Parallelization - Githubissues

dennissergeev / octant

Objective Cyclone Tracking ANalysis Tools

http://octant-docs.rtfd.io/

MIT License

6 stars 4 forks source link

Parallelization #1

Open dennissergeev opened 6 years ago

dennissergeev commented 6 years ago

Add an option to execute functions in parallel processes

dennissergeev commented 6 years ago

Proof of concept:

def foo(df):
    flag = True
    if df.total_dist_km < 300.:
        flag = False
    if flag:
        if ((df.vortex_type != 0).sum() / df.shape[0] > 0.2):
            flag = False
    if flag:
        df['cat'] = 99
    return df

with concurrent.futures.ProcessPoolExecutor(4) as pool:
    TR.data = pd.concat(list(pool.map(foo, [j for i, j in TR.gb], chunksize=10)))

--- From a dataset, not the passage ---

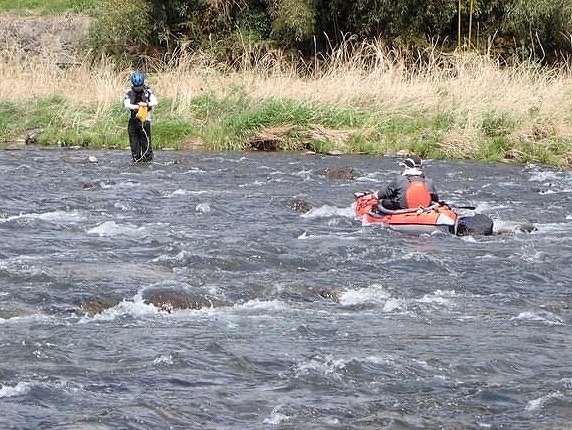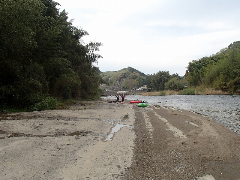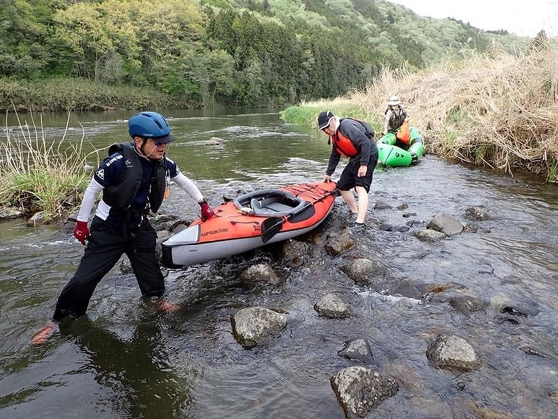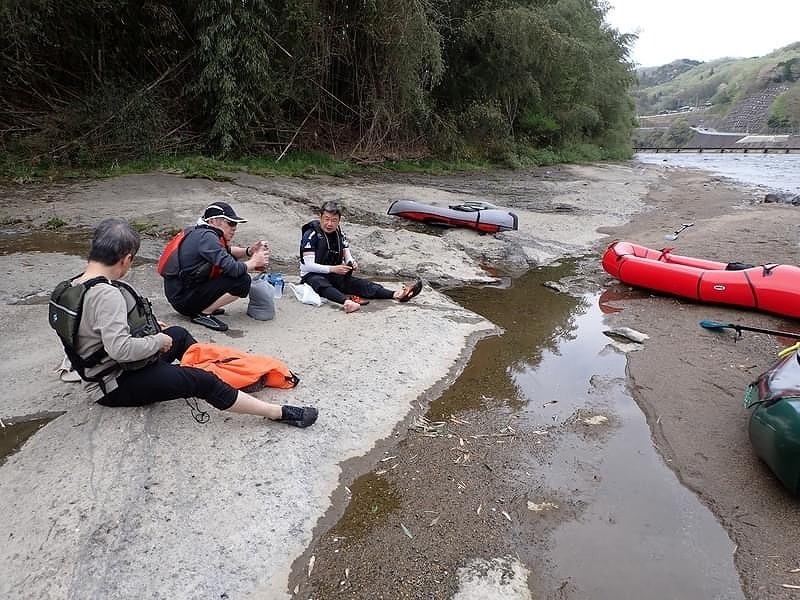 1級以上の瀬がある場合はいったん上陸して川の流れを確認しにいきます。(スカウティングって言う)水が少ないので座礁しないためでもあるので、あの橋の下は右、その先はいったん左にいってすぐに右とか考えないといけません。プカプカ浮いてるだけじゃないんですよ〜

So far it doesn't give any speed-ups, but maybe it will for heavier computations.

dennissergeev commented 6 years ago

For track density calculation, concurrent execution reduces total time by 2. Example:

with concurrent.futures.ProcessPoolExecutor(4) as pool:
    res = list(pool.map(density, gb_list, chunksize=10))
dens = np.array(res).sum(axis=0)

Needs to be investigated further.